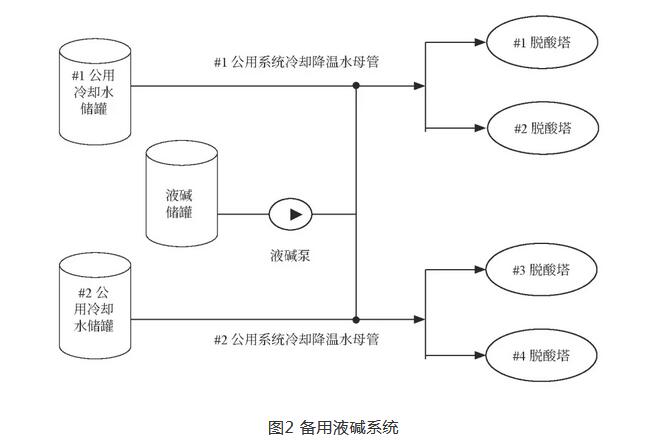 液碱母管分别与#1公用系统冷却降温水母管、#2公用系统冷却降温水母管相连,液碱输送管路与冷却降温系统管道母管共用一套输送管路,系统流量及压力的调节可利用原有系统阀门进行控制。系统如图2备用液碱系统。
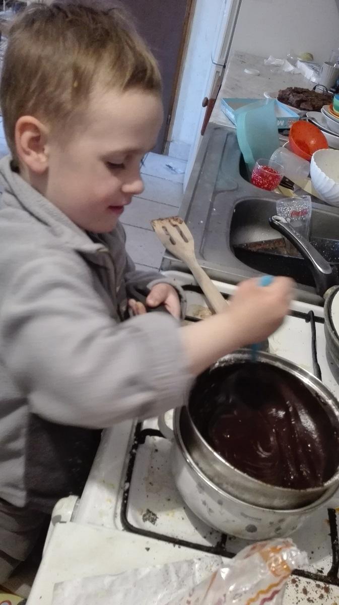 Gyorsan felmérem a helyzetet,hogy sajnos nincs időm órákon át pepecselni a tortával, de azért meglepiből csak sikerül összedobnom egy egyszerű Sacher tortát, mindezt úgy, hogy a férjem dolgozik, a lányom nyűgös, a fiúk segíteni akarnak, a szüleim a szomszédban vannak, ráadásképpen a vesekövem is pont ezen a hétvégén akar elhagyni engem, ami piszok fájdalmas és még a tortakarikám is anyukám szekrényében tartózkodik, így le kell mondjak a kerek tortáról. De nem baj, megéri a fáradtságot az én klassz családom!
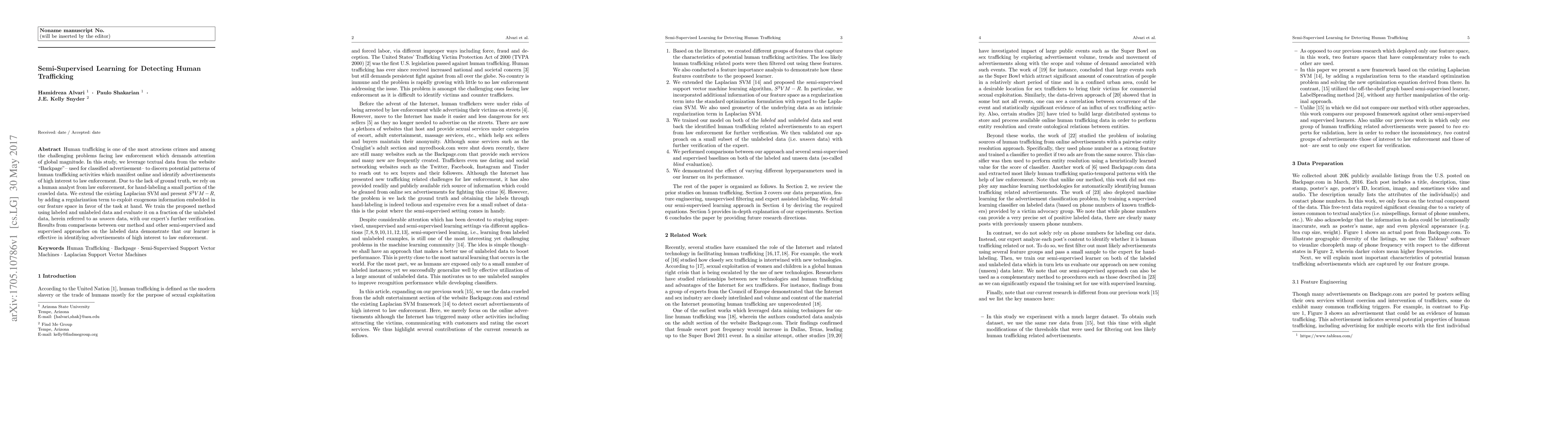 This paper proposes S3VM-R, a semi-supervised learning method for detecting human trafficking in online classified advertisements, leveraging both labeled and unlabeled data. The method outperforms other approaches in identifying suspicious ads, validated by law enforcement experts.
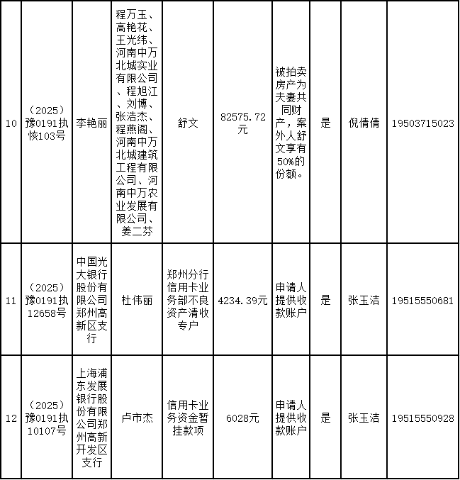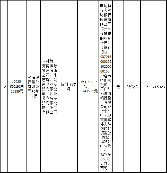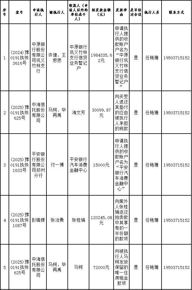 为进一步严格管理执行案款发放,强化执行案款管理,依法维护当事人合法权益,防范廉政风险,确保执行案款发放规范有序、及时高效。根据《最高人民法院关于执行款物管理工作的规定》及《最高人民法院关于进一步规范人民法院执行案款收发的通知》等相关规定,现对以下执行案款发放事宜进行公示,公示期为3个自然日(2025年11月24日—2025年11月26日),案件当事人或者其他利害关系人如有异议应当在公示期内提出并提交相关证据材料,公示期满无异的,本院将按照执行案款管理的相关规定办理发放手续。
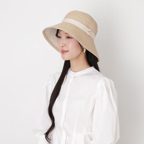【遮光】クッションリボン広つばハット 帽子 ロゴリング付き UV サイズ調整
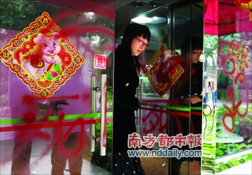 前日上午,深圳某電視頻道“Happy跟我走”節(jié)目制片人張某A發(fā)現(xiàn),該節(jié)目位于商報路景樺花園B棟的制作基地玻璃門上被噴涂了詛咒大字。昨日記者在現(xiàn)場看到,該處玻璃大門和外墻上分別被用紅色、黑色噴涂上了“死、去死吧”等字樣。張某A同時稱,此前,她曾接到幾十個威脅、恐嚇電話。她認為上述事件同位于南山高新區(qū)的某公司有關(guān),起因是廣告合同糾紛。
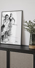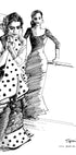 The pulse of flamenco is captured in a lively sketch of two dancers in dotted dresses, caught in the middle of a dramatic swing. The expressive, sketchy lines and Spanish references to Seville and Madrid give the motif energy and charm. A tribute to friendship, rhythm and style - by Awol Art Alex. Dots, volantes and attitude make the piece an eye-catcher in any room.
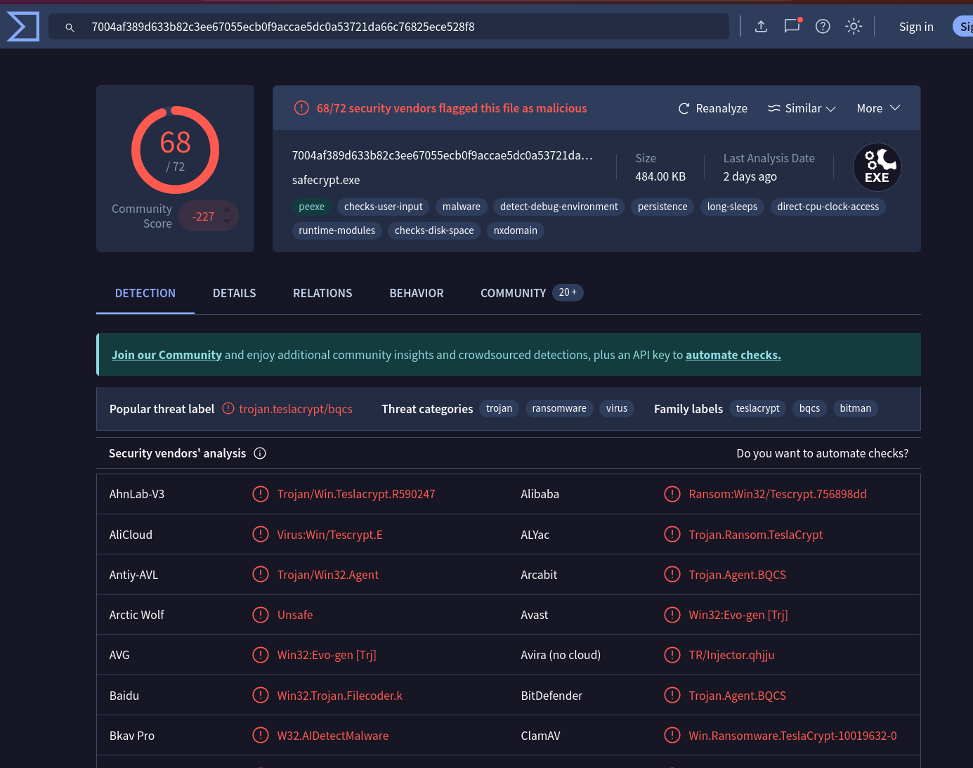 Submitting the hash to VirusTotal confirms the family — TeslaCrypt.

● ASSIGNMENT
Starting at the line with "The pulse of", write out every line exactly through the final line of the records above, both included, and skip the pictures.

● ANSWER SPACE
 The pulse of flamenco is captured in a lively sketch of two dancers in dotted dresses, caught in the middle of a dramatic swing. The expressive, sketchy lines and Spanish references to Seville and Madrid give the motif energy and charm. A tribute to friendship, rhythm and style - by Awol Art Alex. Dots, volantes and attitude make the piece an eye-catcher in any room.
 Submitting the hash to VirusTotal confirms the family — TeslaCrypt.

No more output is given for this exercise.